Below are lines of data, and only some are wanted. Please repeat exactly those from the line that has "This business card" through the line that has "Rank Đơn: Bạc".

(DATASET ENTRIES)

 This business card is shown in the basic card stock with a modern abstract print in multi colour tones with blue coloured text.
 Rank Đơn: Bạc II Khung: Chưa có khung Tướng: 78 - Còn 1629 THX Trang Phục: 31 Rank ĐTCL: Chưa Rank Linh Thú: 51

(End DATASET ENTRIES)
(DATASET ENTRIES)

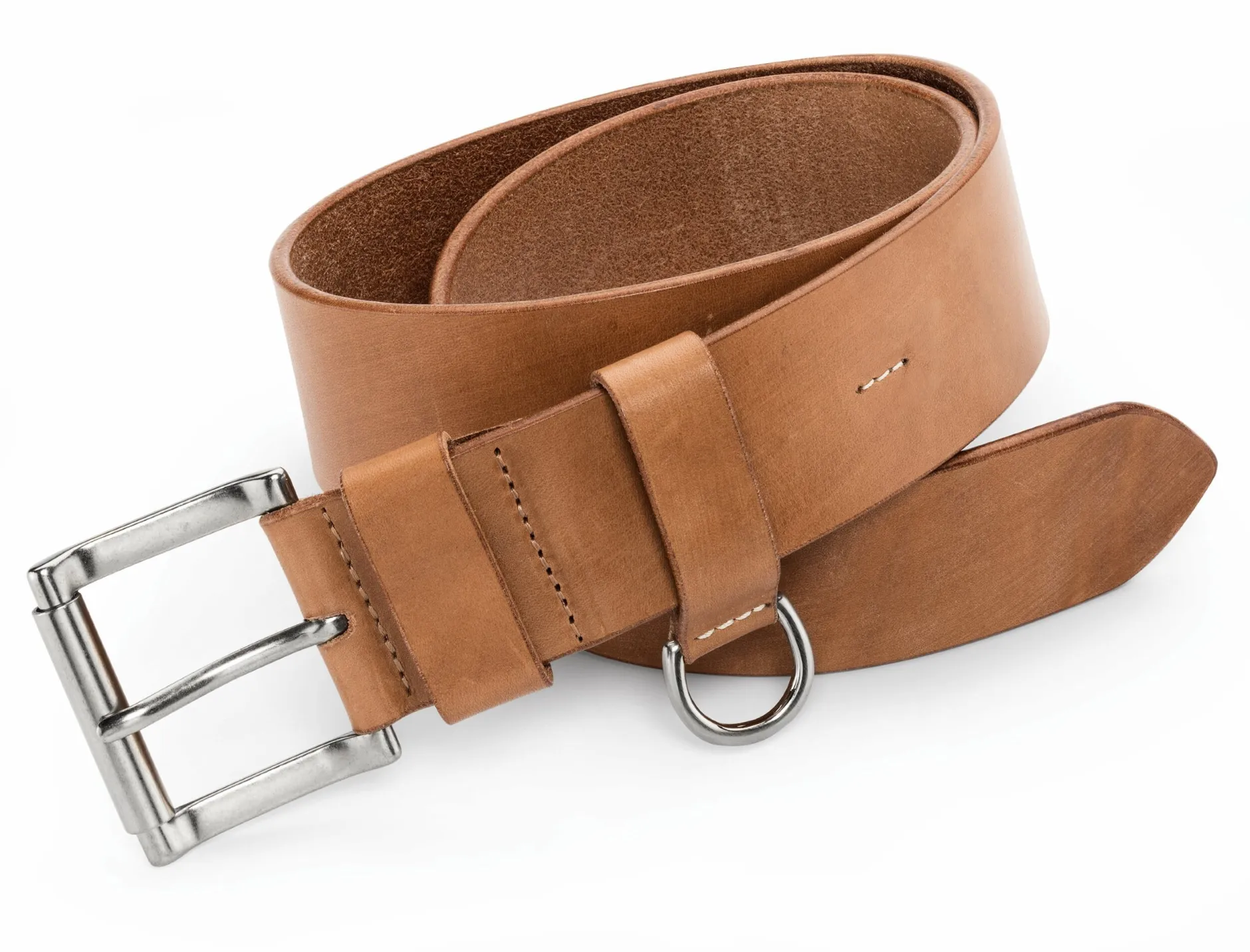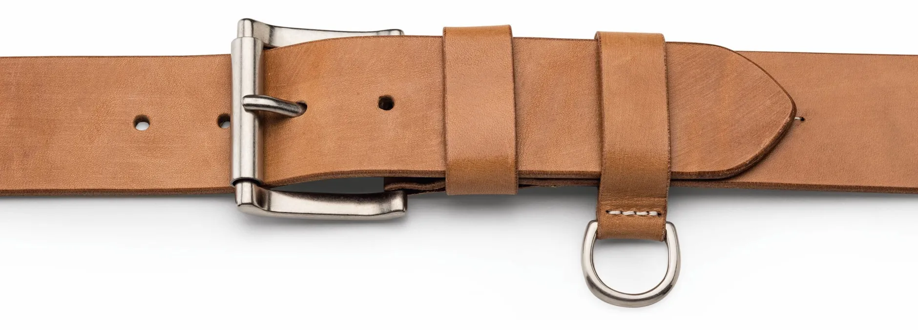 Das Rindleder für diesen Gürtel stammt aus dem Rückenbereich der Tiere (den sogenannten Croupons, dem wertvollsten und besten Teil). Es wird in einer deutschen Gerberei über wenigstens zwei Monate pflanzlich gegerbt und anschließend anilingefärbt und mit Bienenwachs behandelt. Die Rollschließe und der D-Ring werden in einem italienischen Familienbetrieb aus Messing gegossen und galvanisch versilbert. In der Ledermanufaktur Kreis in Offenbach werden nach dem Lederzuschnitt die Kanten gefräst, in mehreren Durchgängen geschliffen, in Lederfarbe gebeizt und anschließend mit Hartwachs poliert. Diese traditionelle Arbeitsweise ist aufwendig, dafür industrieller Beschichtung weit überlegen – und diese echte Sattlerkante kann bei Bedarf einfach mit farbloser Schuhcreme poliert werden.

(End DATASET ENTRIES)
(DATASET ENTRIES)

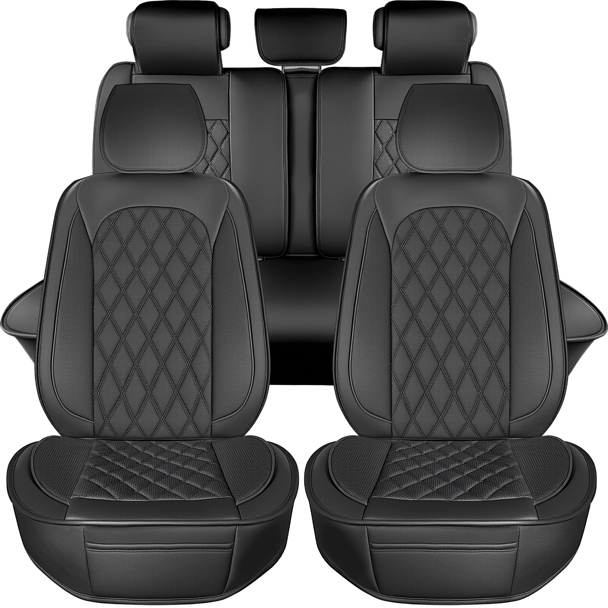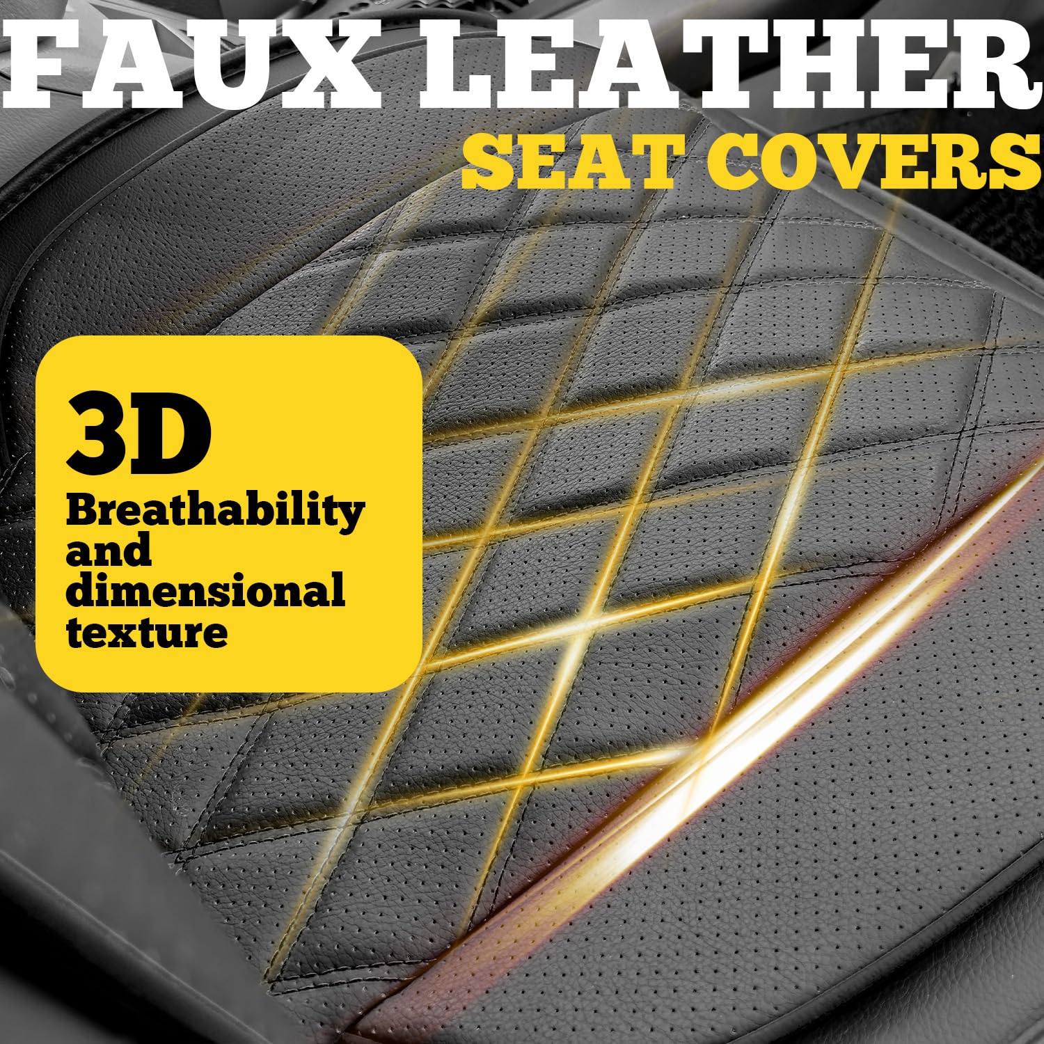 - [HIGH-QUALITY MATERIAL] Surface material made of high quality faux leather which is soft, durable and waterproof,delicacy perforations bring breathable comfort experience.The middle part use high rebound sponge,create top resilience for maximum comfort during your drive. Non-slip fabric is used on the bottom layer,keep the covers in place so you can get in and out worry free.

(End DATASET ENTRIES)

TASK ANSWER |
 This business card is shown in the basic card stock with a modern abstract print in multi colour tones with blue coloured text.
 Rank Đơn: Bạc II Khung: Chưa có khung Tướng: 78 - Còn 1629 THX Trang Phục: 31 Rank ĐTCL: Chưa Rank Linh Thú: 51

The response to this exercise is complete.